* GIVEN ENTRIES
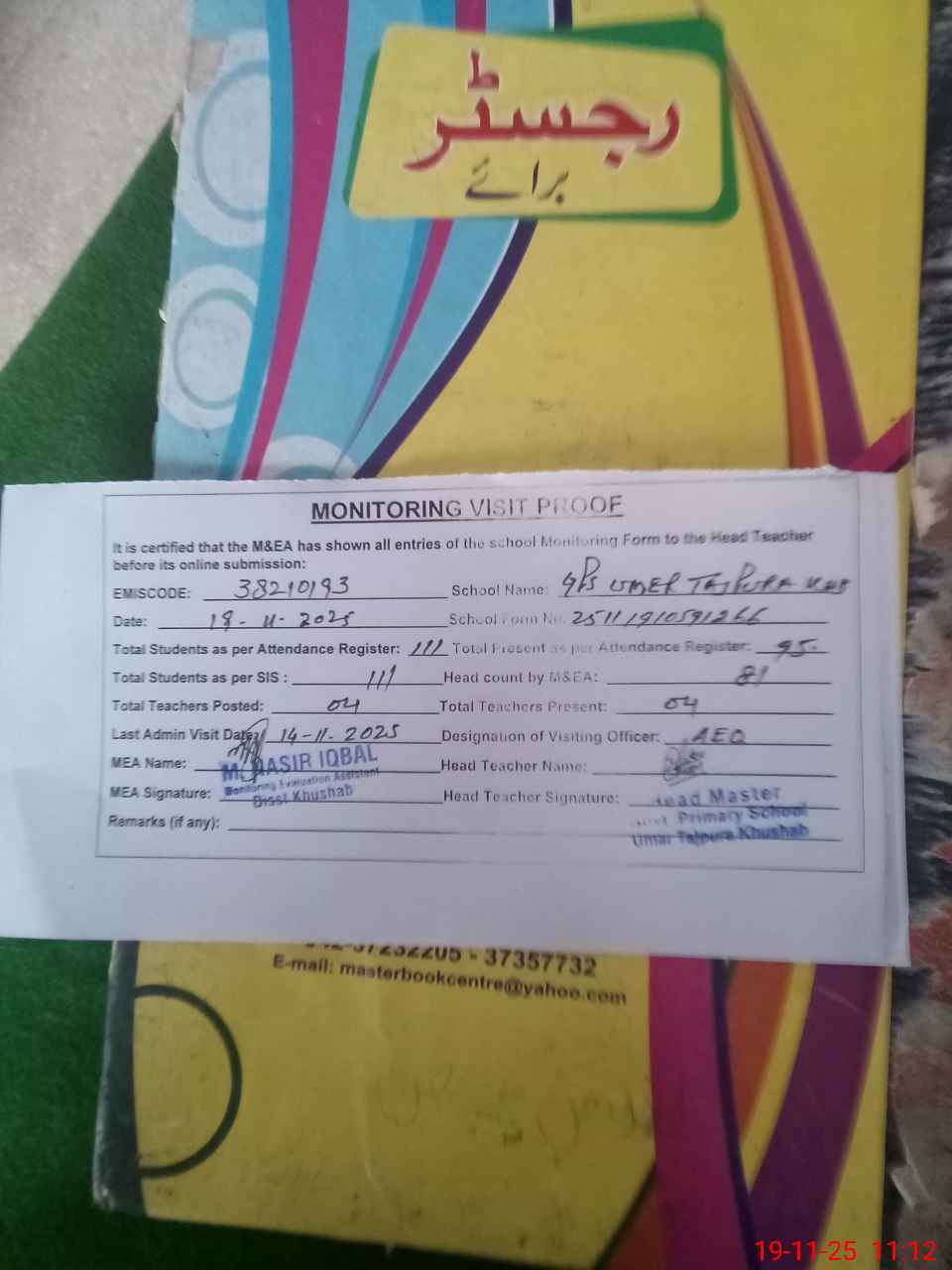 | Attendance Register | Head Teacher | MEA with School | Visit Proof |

--

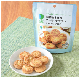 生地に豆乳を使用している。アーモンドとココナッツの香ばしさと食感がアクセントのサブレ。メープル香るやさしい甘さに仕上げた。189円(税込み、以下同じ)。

...

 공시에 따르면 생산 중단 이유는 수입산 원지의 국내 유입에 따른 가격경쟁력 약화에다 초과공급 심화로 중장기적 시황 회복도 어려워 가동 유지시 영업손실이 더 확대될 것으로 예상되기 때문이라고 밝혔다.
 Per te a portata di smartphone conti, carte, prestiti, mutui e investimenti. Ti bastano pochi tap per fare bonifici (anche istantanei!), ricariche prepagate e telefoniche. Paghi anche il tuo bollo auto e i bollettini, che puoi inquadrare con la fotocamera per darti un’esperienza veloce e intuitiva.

* EXERCISE AIM
Would you please copy, word for word, everything above from the line containing "공시에 따르면 생산 중단" down to the line containing "Per te a portata", those two lines included?

* TASK ANSWER
 공시에 따르면 생산 중단 이유는 수입산 원지의 국내 유입에 따른 가격경쟁력 약화에다 초과공급 심화로 중장기적 시황 회복도 어려워 가동 유지시 영업손실이 더 확대될 것으로 예상되기 때문이라고 밝혔다.
 Per te a portata di smartphone conti, carte, prestiti, mutui e investimenti. Ti bastano pochi tap per fare bonifici (anche istantanei!), ricariche prepagate e telefoniche. Paghi anche il tuo bollo auto e i bollettini, che puoi inquadrare con la fotocamera per darti un’esperienza veloce e intuitiva.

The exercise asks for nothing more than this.